**AVAILABLE DATA:**
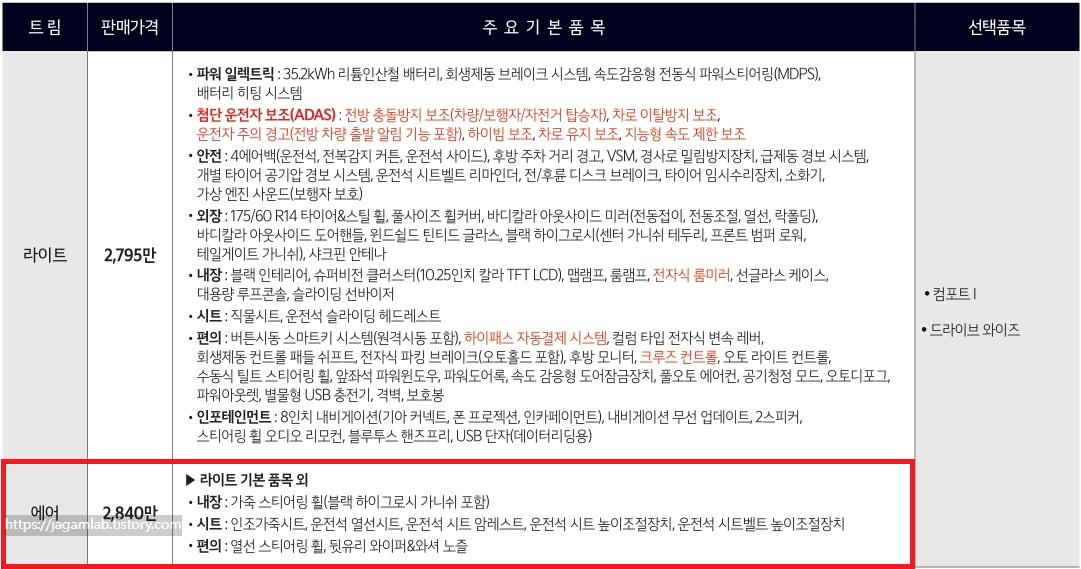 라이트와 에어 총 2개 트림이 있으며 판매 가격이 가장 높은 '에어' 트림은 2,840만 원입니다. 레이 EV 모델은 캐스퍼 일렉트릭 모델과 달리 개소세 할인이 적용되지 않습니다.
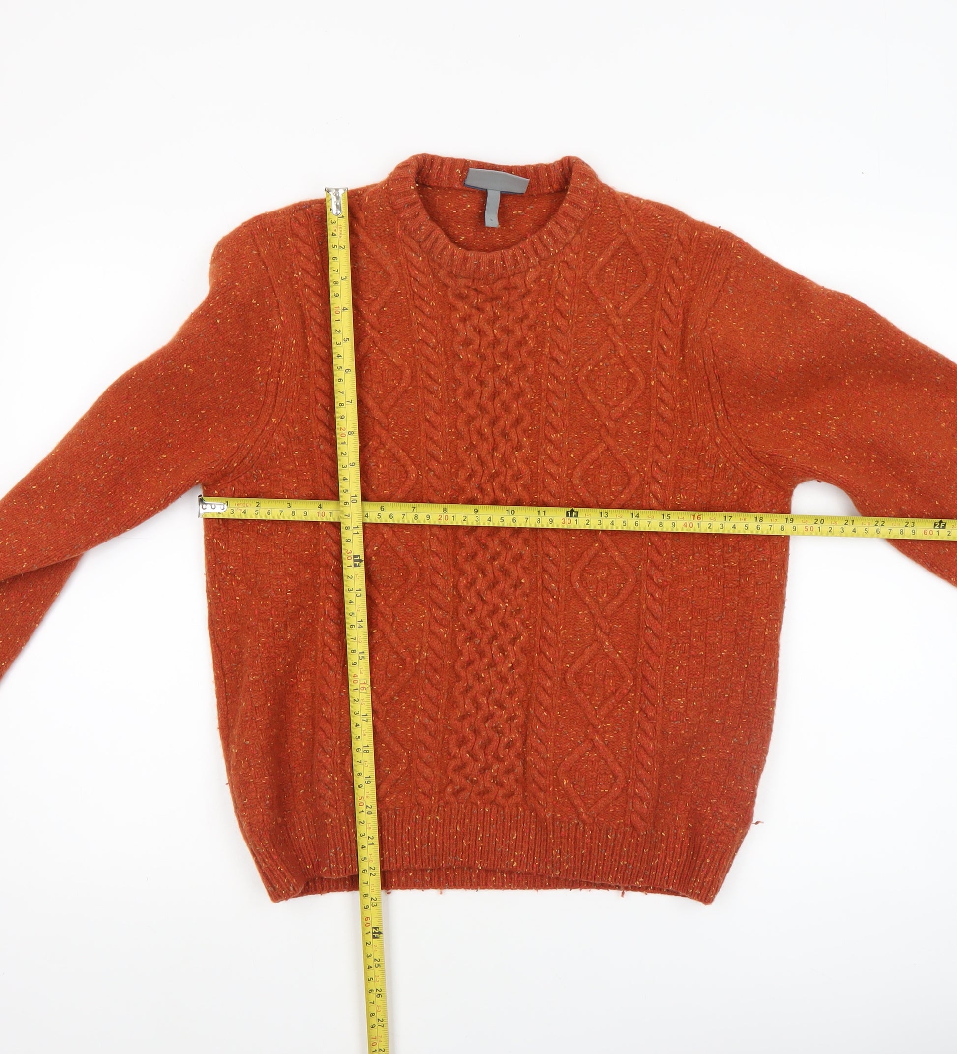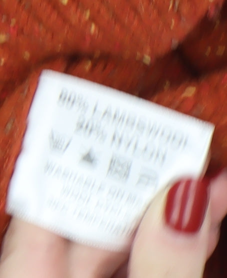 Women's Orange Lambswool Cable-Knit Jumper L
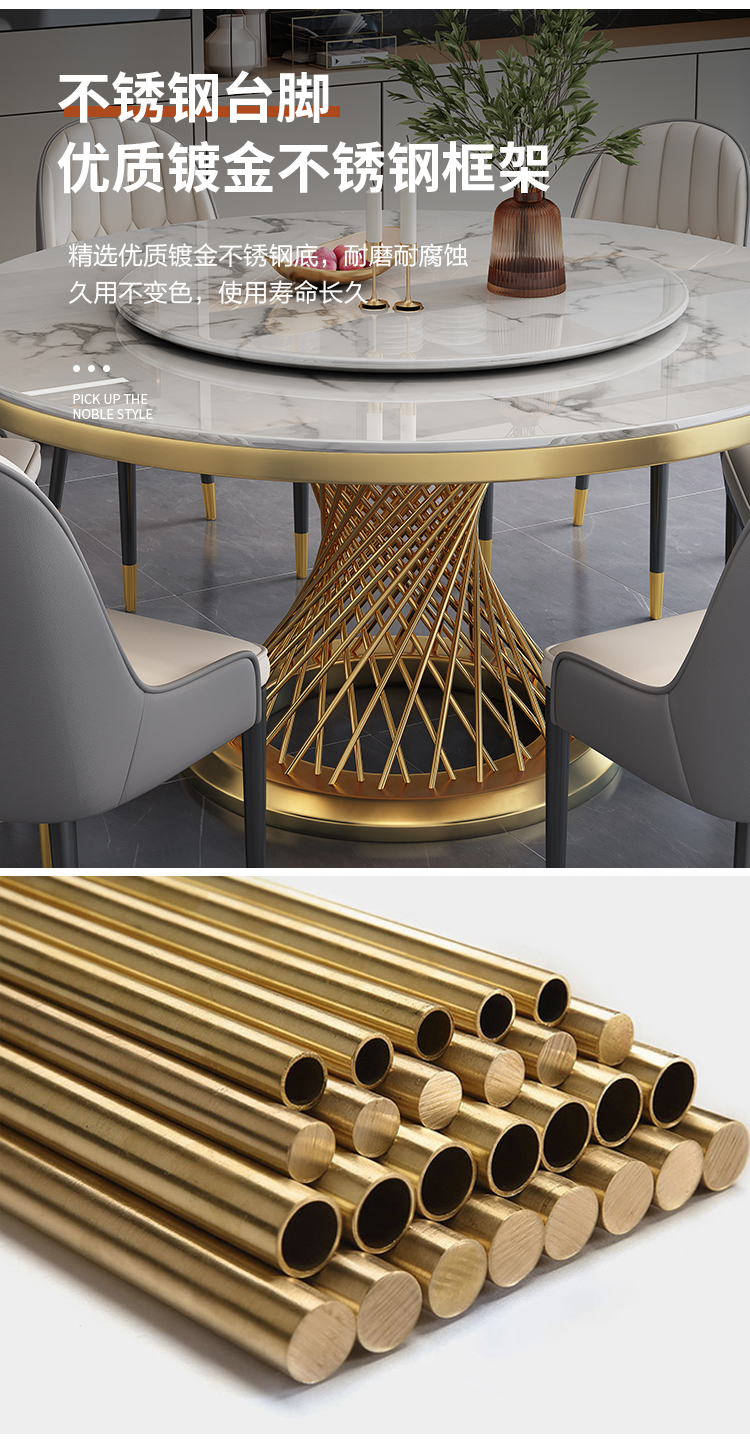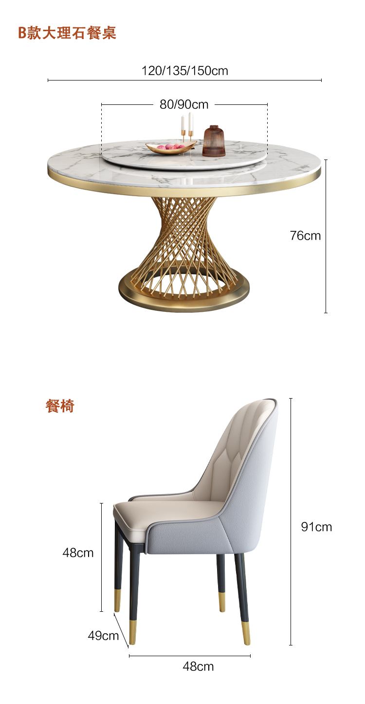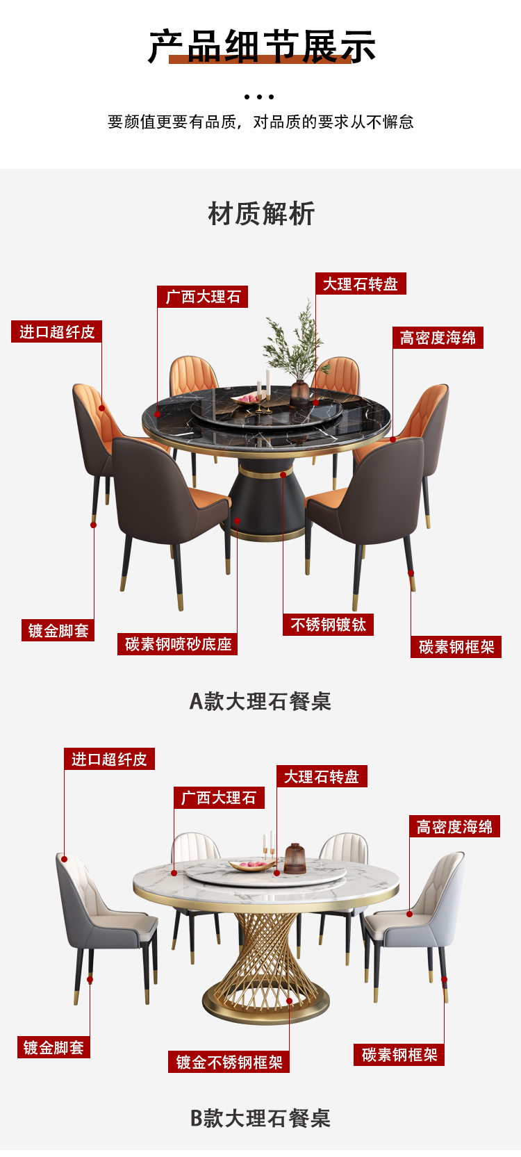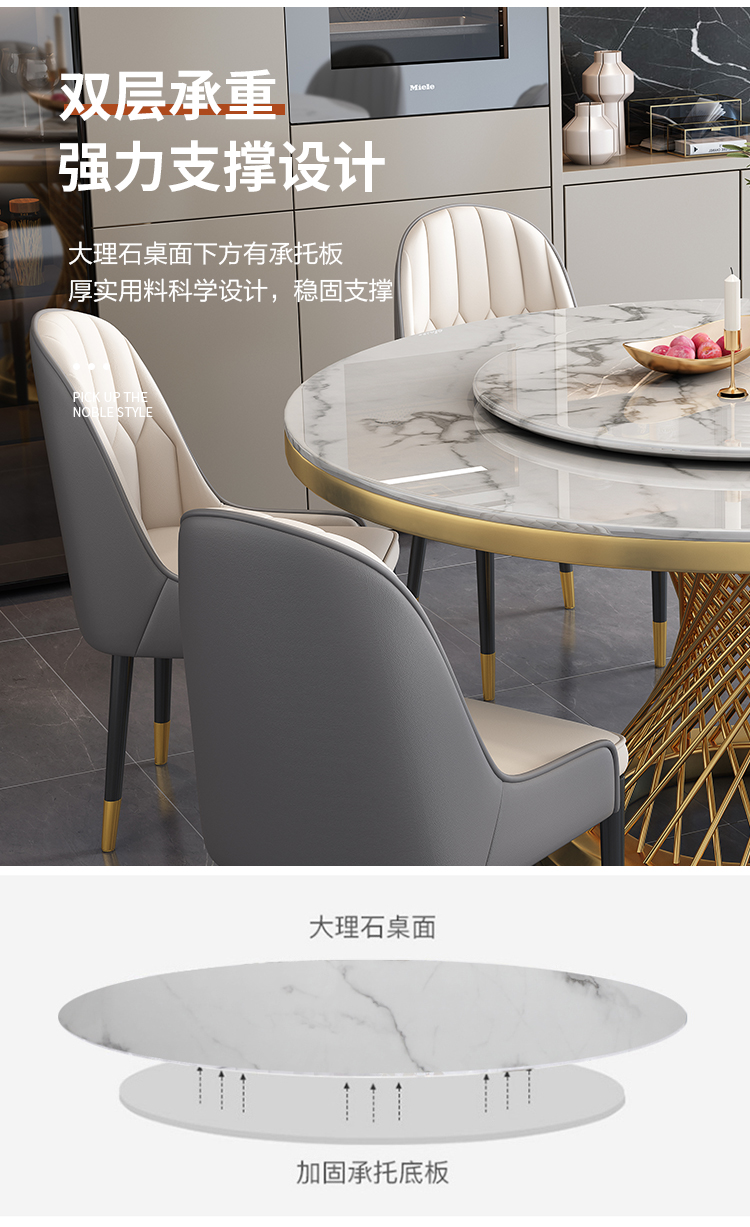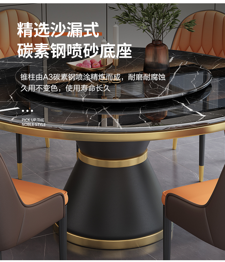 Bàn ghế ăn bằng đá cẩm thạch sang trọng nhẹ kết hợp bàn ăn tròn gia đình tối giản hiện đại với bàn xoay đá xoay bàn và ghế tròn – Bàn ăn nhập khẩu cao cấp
==
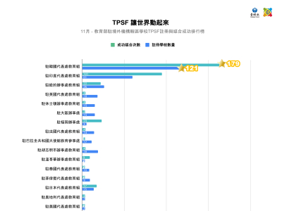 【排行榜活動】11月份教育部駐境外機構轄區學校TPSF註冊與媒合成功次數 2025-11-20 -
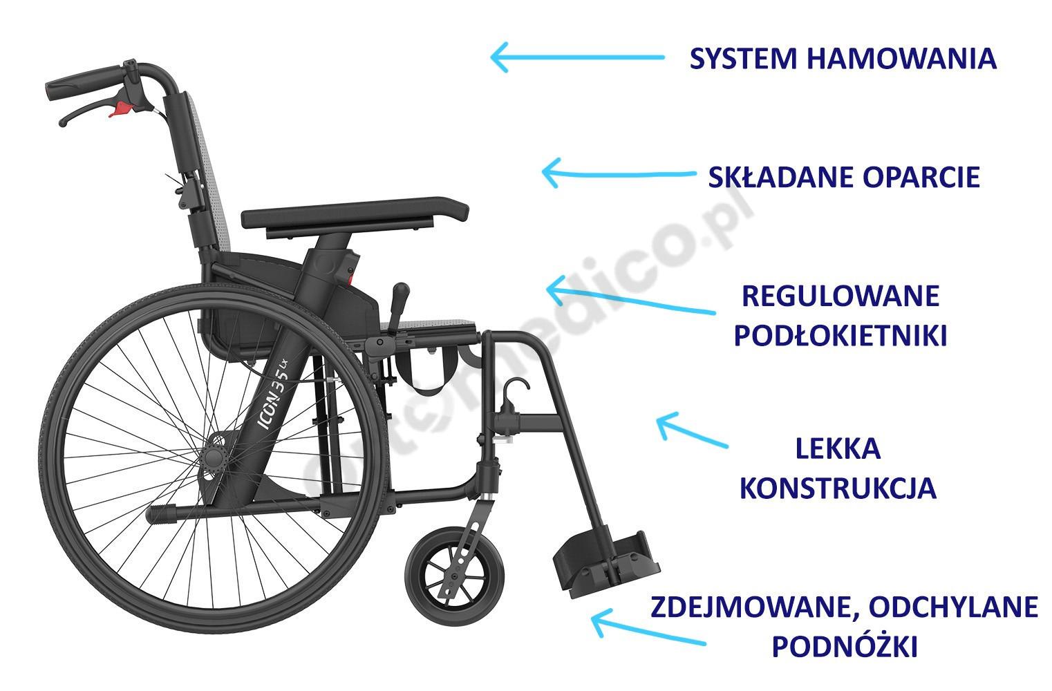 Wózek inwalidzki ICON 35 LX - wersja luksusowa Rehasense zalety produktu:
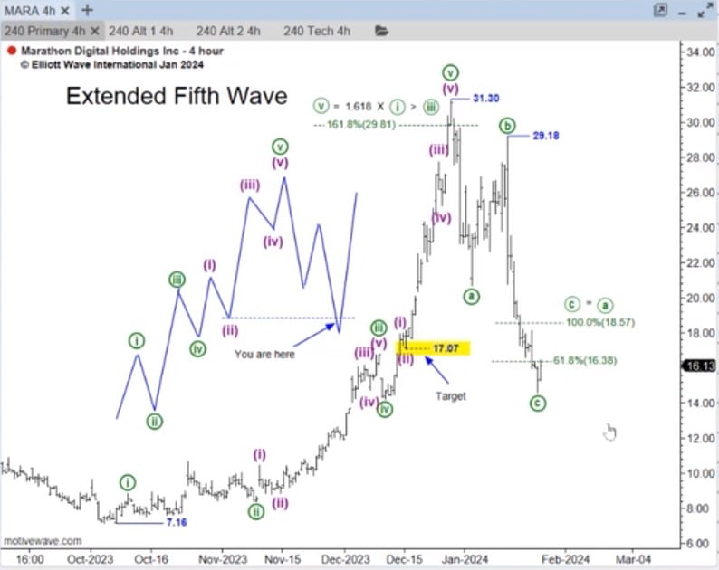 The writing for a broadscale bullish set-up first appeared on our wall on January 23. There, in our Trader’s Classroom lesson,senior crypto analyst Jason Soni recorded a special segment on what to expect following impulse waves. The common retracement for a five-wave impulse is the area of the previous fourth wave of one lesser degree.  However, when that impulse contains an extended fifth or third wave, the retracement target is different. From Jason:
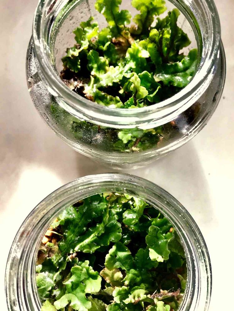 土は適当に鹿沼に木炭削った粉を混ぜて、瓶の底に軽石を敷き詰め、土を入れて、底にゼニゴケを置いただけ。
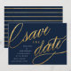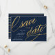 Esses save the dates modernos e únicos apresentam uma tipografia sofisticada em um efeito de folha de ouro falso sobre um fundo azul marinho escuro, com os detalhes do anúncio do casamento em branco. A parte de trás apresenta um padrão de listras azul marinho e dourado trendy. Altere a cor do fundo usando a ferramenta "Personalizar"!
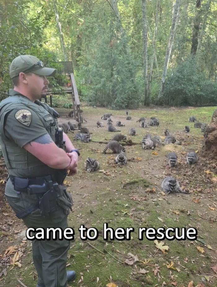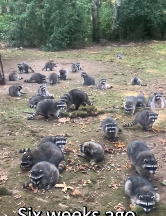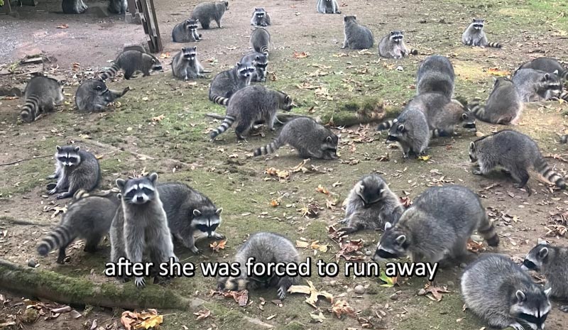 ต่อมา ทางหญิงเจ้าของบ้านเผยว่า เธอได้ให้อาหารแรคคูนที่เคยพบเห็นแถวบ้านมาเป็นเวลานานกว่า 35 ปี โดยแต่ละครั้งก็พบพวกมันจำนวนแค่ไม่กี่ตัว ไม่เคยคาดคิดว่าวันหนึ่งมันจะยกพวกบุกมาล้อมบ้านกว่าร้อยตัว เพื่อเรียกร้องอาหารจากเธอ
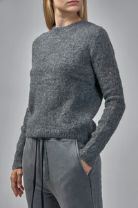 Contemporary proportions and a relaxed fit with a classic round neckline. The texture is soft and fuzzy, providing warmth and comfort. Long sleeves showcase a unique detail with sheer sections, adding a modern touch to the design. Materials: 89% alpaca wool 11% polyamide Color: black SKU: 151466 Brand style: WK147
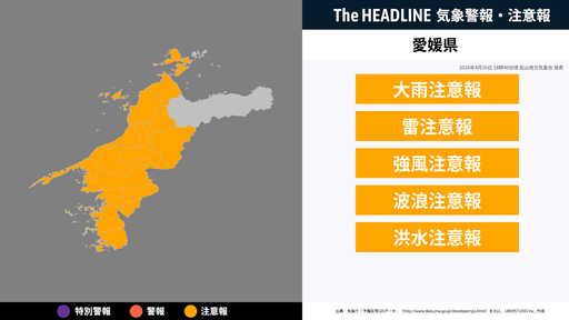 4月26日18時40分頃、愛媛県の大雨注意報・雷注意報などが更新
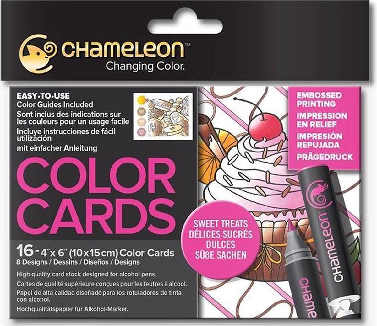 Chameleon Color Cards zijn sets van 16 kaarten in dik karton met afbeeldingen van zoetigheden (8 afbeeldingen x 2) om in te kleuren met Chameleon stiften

**HOW TO COMPLETE THIS TASK:** Skipping every picture, transcribe exactly the lines above from the one containing "라이트와 에어 총 2개" through the one containing "Bàn ghế ăn bằng", both included.

**EXERCISE ANSWER:**
 라이트와 에어 총 2개 트림이 있으며 판매 가격이 가장 높은 '에어' 트림은 2,840만 원입니다. 레이 EV 모델은 캐스퍼 일렉트릭 모델과 달리 개소세 할인이 적용되지 않습니다.
 Women's Orange Lambswool Cable-Knit Jumper L
 Bàn ghế ăn bằng đá cẩm thạch sang trọng nhẹ kết hợp bàn ăn tròn gia đình tối giản hiện đại với bàn xoay đá xoay bàn và ghế tròn – Bàn ăn nhập khẩu cao cấp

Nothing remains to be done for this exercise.